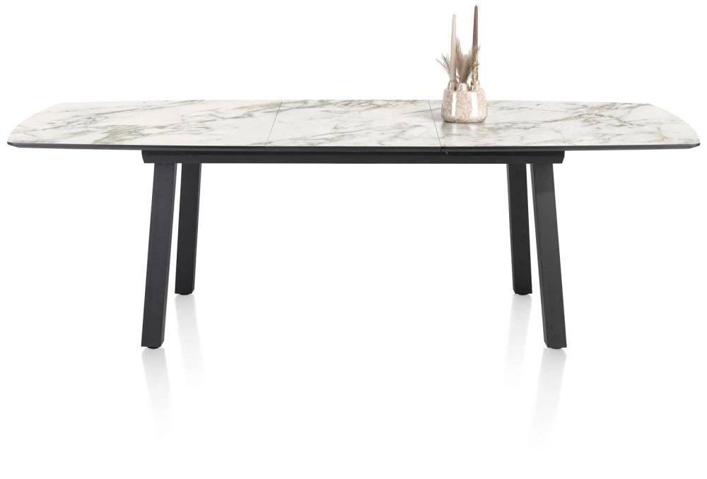 De tafels uit collectie Palace zijn verkrijgbaar in heel wat verschillende formaten, in 5 verschillende kleuren en met 2 verschillende onderstellen. In totaal zijn er zo wel 100 verschillende tafelcombinaties mogelijk! Deze uitschuiftafel heeft een onderstel met 4 poten, heeft een tafelblad van 190x110cm, kan met 60cm verlengd worden tot 250cm en is uitgevoerd in een marmerlook in de kleur wit. Het tafelblad is gemaakt van Primo Laminato (HPL), een uiterst onderhoudsvriendelijk materiaal en het onderstel is van zwart metaal. Is deze tafel toch niet wat je zoekt? Er zijn nog heel wat andere kleuren en formaten verkrijgbaar!
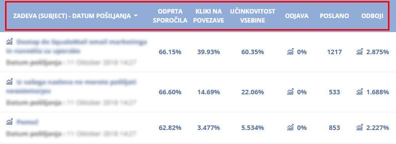 Koliko prejemnikov se je odjavilo. S klikom na številko lahko vidite vse prejemnike, ki so se odjavili, kdaj in iz kakšnih razlogov. Te podatke lahko pregledujete tudi v grafični obliki s klikom na ikono grafa poleg številke. Če kliknete na številko ali graf lahko s klikom na Izvozi te podatke tudi izvozite. - POSLANO
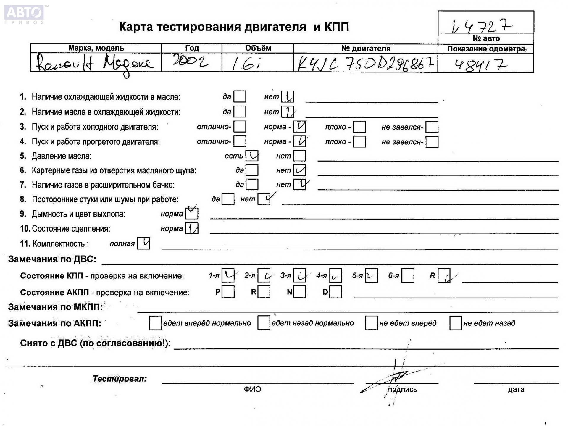 | Автомобиль / VIN: | V4727 VF1BA0D0526443104 |
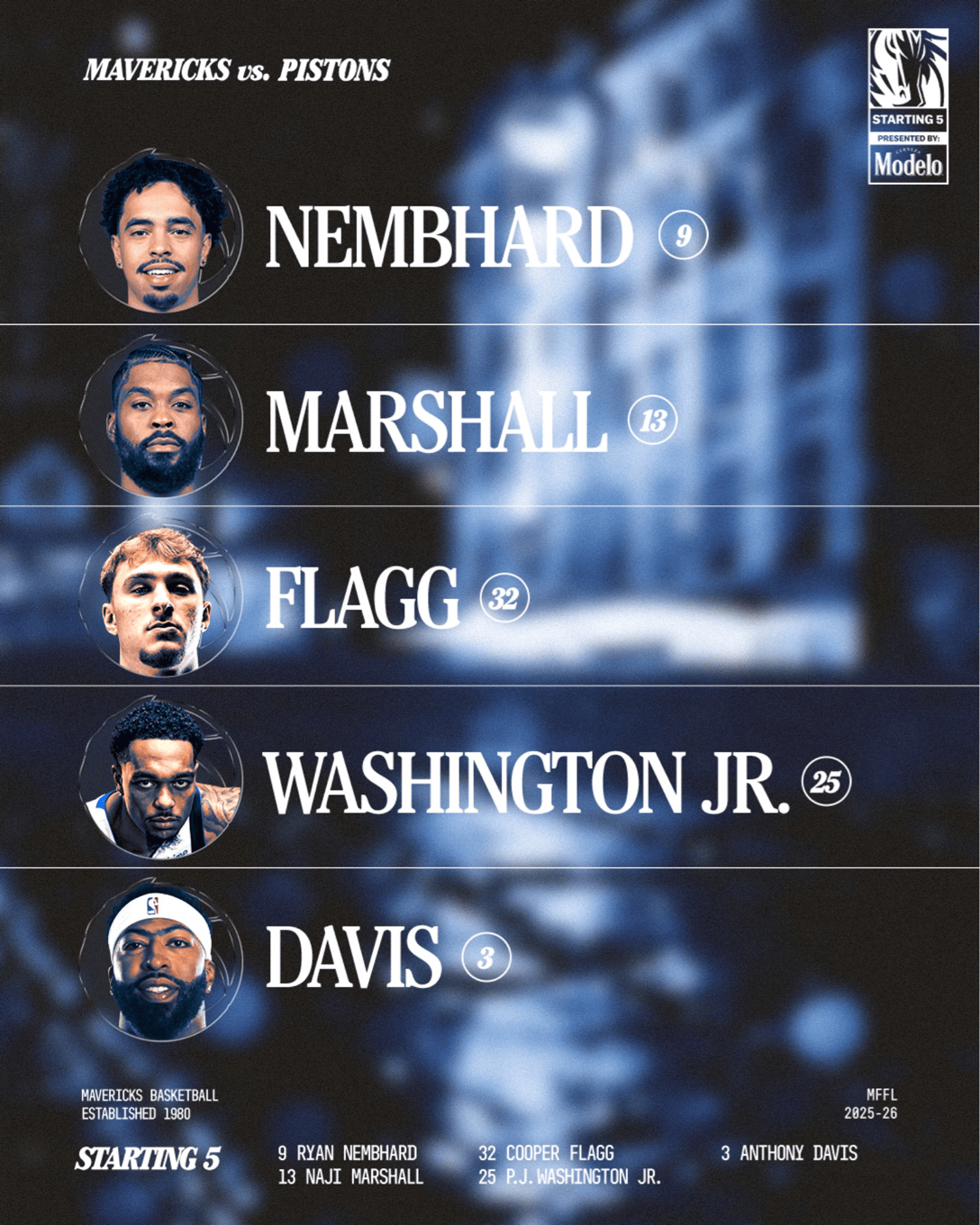 獨(dú)行俠首發(fā):內(nèi)姆布哈德、弗拉馬紹爾、格華弗拉格、板獨(dú)布哈華盛頓、戴維斯
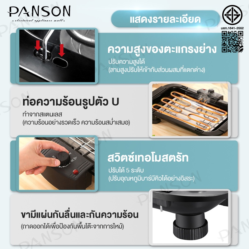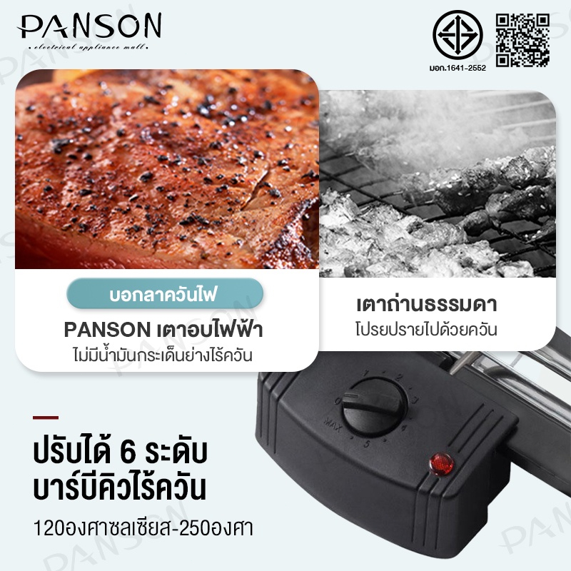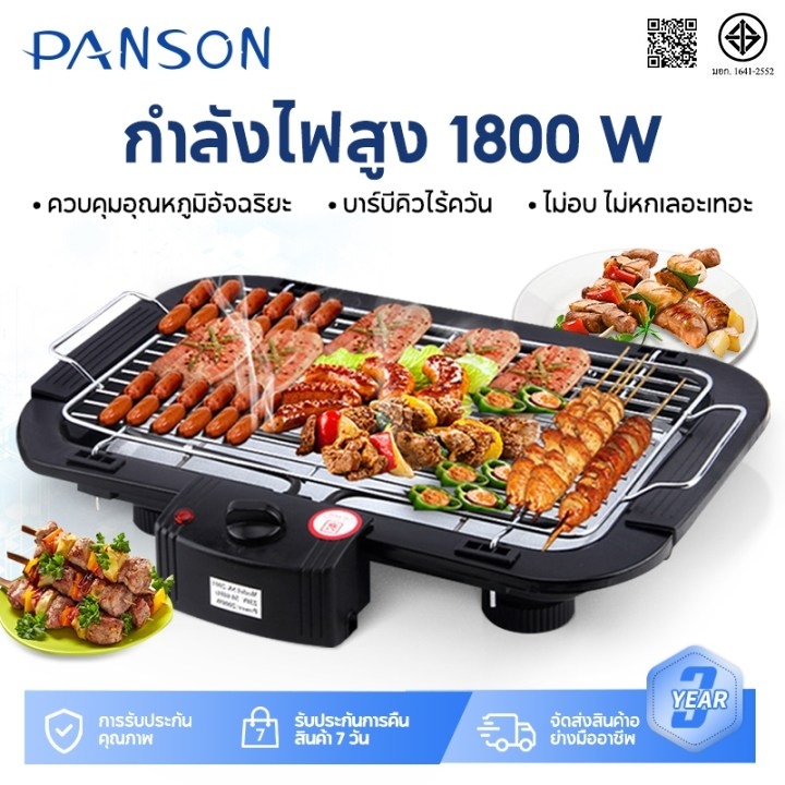 Panson เตาย่างไฟฟ้า เตาย่างบาร์บีคิว 1800W เตาปิ้งย่างไฟฟ้าไร้ควัน
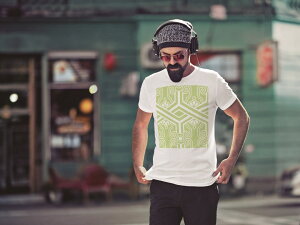 tシャツ メンズ 半袖 ホワイト グレー デザイン XS S M L XL 2XL Tシャツ ティーシャツ T shirt 003920 模様 黄色 黄緑

#### [Exercise brief]
Nothing may be altered when you restate the records, but every picture must be dropped.

#### [Output for this task]
 De tafels uit collectie Palace zijn verkrijgbaar in heel wat verschillende formaten, in 5 verschillende kleuren en met 2 verschillende onderstellen. In totaal zijn er zo wel 100 verschillende tafelcombinaties mogelijk! Deze uitschuiftafel heeft een onderstel met 4 poten, heeft een tafelblad van 190x110cm, kan met 60cm verlengd worden tot 250cm en is uitgevoerd in een marmerlook in de kleur wit. Het tafelblad is gemaakt van Primo Laminato (HPL), een uiterst onderhoudsvriendelijk materiaal en het onderstel is van zwart metaal. Is deze tafel toch niet wat je zoekt? Er zijn nog heel wat andere kleuren en formaten verkrijgbaar!
 Koliko prejemnikov se je odjavilo. S klikom na številko lahko vidite vse prejemnike, ki so se odjavili, kdaj in iz kakšnih razlogov. Te podatke lahko pregledujete tudi v grafični obliki s klikom na ikono grafa poleg številke. Če kliknete na številko ali graf lahko s klikom na Izvozi te podatke tudi izvozite. - POSLANO
 | Автомобиль / VIN: | V4727 VF1BA0D0526443104 |
 獨(dú)行俠首發(fā):內(nèi)姆布哈德、弗拉馬紹爾、格華弗拉格、板獨(dú)布哈華盛頓、戴維斯
 Panson เตาย่างไฟฟ้า เตาย่างบาร์บีคิว 1800W เตาปิ้งย่างไฟฟ้าไร้ควัน
 tシャツ メンズ 半袖 ホワイト グレー デザイン XS S M L XL 2XL Tシャツ ティーシャツ T shirt 003920 模様 黄色 黄緑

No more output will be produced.